Frequently asked questions

Does Starch actually write the narrative summary, or does it just dump a data table?
It writes the narrative. You tell Starch in plain English what you want: 'Write three sentences explaining the biggest change in signups this week and what the team should watch next.' Starch pulls the numbers, compares them to prior-week data, and generates a plain-English summary. You can refine the prompt any time if the tone or focus isn't right.
What if we use Salesforce instead of HubSpot for our CRM?
Salesforce is available in Starch's integration catalog — the agent queries it live when your automation runs. You won't get the same scheduled sync depth as HubSpot, but deal data, pipeline stage, and new opportunities are all reachable. Tell Starch which Salesforce objects matter for your weekly report and it pulls them.
We run paid ads on Google and Meta. Can the report include ad performance?
Yes. Google Ads and Facebook Ads are both in Starch's integration catalog and queried live. You can add a prompt like 'Pull last week's Google Ads spend, clicks, and ROAS and add it to the marketing report' and Starch handles it. If your paid agency sends a weekly email with performance numbers, Starch can also read that Gmail thread and extract the data — useful if the agency uses a platform Starch doesn't connect to directly.
Is the data in the report real-time or could it be a day behind?
PostHog and HubSpot sync on a schedule — typically daily — so the data in your Monday morning report reflects activity through the prior day. For most weekly-cadence reporting, this is exactly right. If you need same-hour accuracy, that's not what Starch is optimized for; it's built for recurring operational reporting, not a live trading dashboard.

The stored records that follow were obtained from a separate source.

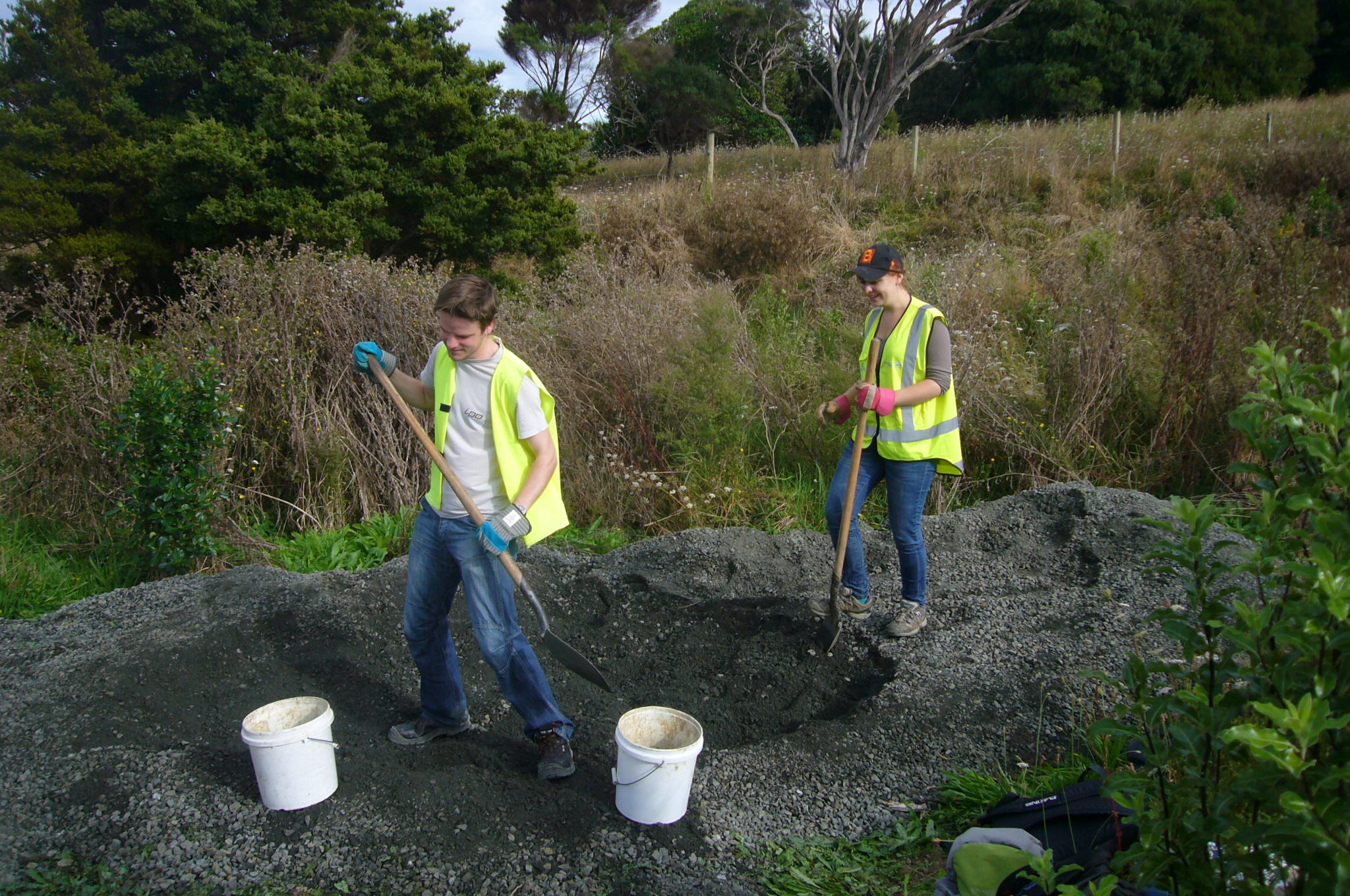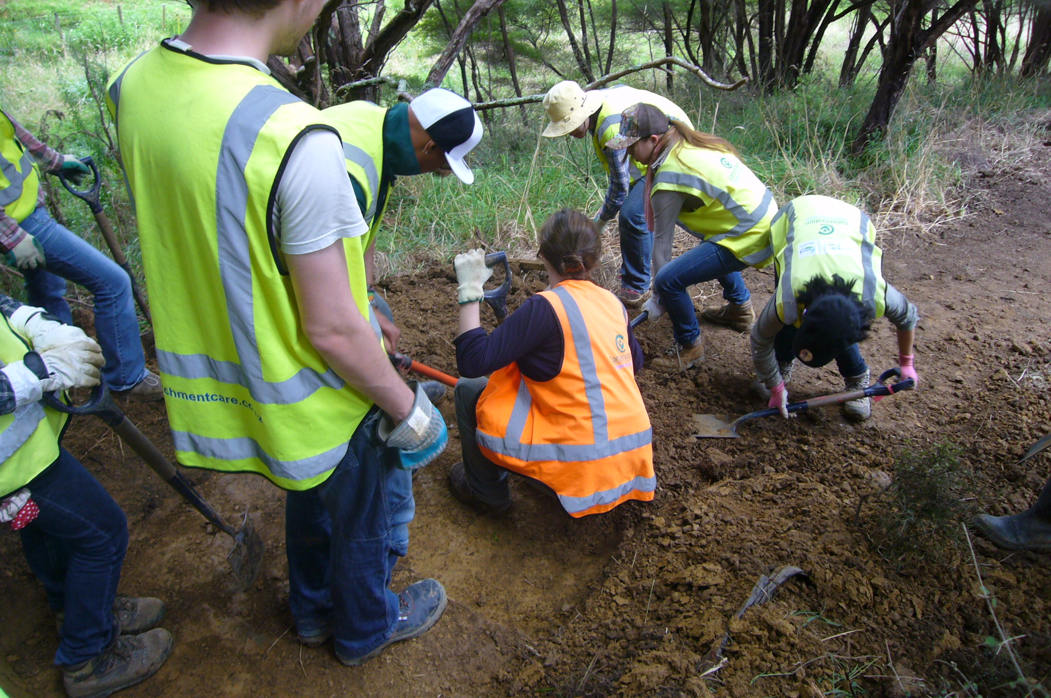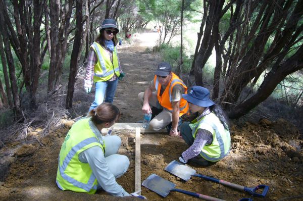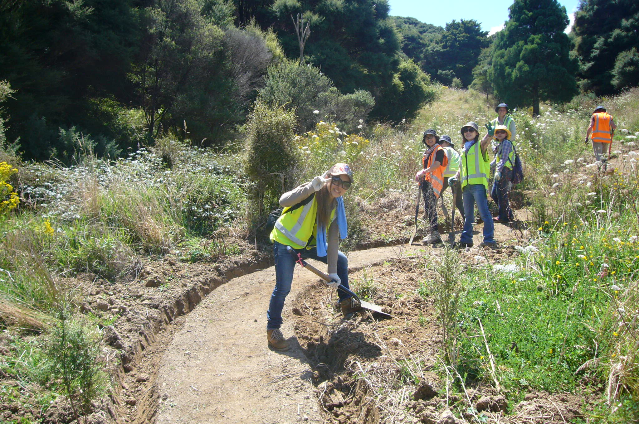 The team then tackled the steps. There were several challenges. Over a distance of about 50 metres through the tunnel of manuka trees, the ground rises about fifteen metres, so the grade was quite steep. Not only that, the soil was heavy clay which was difficult to work. We started from the top and worked down.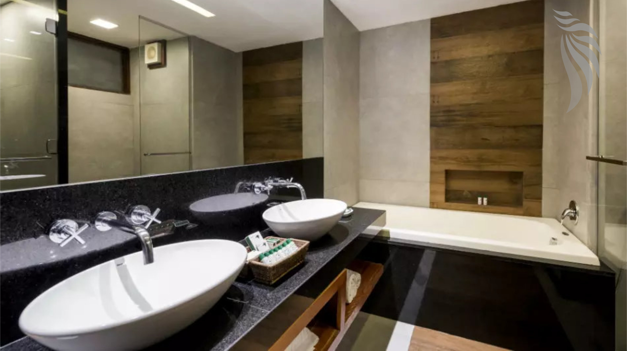 With 220m², it has an additional room with two Twin beds, bathroom with jacuzzi, dining room, closet, toilet, living room, master suite with King Size bed (wing 17). Complimentary minibar (water, soft drink and beer – except premium – with daily restocking), optional in-room breakfast until 11:30 am, private transfer, access to the relaxation area of the Spa (+16 years old).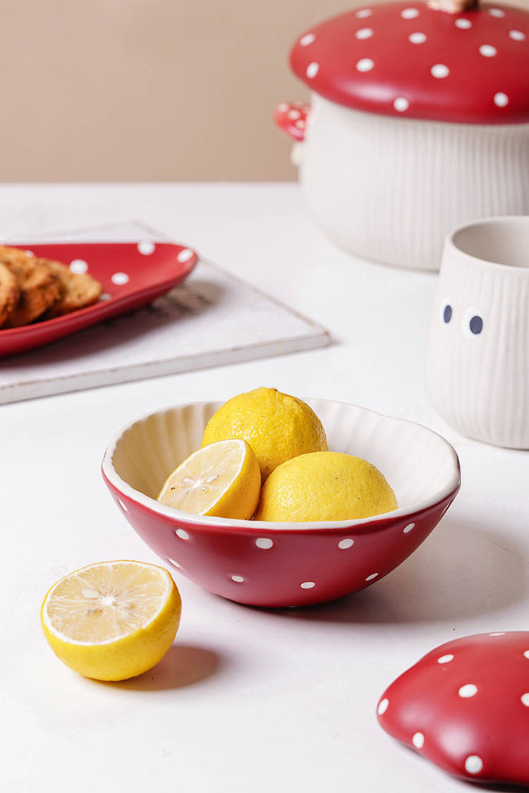 見栄えの良いかわいい赤いキノコの陶器食器、マグカップ、スナックプレート、丼、インスタントラーメンボウル、サラダボウル、スプーン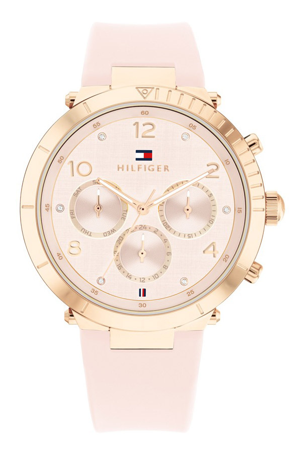 Tyylikäs Tommy Hilfiger -rannekello naisille, jotka arvostavat pehmeitä sävyjä ja modernia designia. Kellon rungon halkaisija on 38 mm, ja sen vaaleanpunainen kellotaulu hehkuu hillittyä naisellisuutta. Rungon punakultainen teräs tuo kelloon elegantin ja lämpimän sävyn, joka täydentää täydellisesti vaaleanpunaisen silikoni- rannekkeen raikkautta ja käyttömukavuutta. Kellon paksuus on 8,4 mm, joten se on miellyttävän kevyt ja sopivan siro ranteeseen. Kvartsikoneisto takaa tarkan ajanoton, ja mineraalilasi suojaa kellotaulua naarmuilta arjen haasteissa. Vesitiiviys 5 ATM tekee kellosta kestävän roiskeita ja satunnaista kastumista vastaan. Rannekkeen leveys 19 mm on täydellinen yhdistelmä tyylikkyyttä ja käytännöllisyyttä. Tämä kello sopii niin arkeen kuin vapaa-aikaankin – ajaton asuste, joka hurmaa vaaleanpunaisen ja punakullan sävyillään.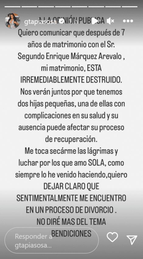 Mediante de su cuenta de Instagram, Tapia envió un comunicado donde anunciaba el fin de su matrimonio, aunque no quiso dar los motivos de esta decisión. “Quiero comunicar que después de 7 años de matrimonio que con el Sr. Segundo Enrique Márquez Arevalo, mi matrimonio, ESTÁ IRREMEDIABLEMENTE DESTRUÍDO”, se lee en las primeras líneas.

We're not SOC 2 certified — does that matter for a weekly marketing report?
Starch is not SOC 2 Type II certified yet. For a weekly internal marketing report pulling from your own tools, most growth-stage companies are comfortable with that. If your legal or security team has a hard requirement for SOC 2 Type II before any third-party tool can access HubSpot or Gmail data, that's worth knowing upfront — Starch would tell you the same thing.
What happens if the report automation breaks on a Sunday night?
Starch surfaces errors in the automation log and can notify you via Slack or email when a step fails. You'd see which step broke — the PostHog pull, the HubSpot query, the Slack post — and can re-run that step or the full automation manually. The goal is that you catch the failure at 7:30am when the report doesn't appear in Slack, not at 9am when your CEO asks about it.
Can I customize the report for different audiences — a shorter version for the exec team and a detailed version for the marketing lead?
Yes. Build two automations off the same underlying data pull: one prompt that writes a 5-bullet executive summary and posts to Slack, and a second that writes a longer section-by-section breakdown and emails it to your marketing lead. Both run from the same Monday morning schedule. You describe each version in natural language and Starch generates them separately.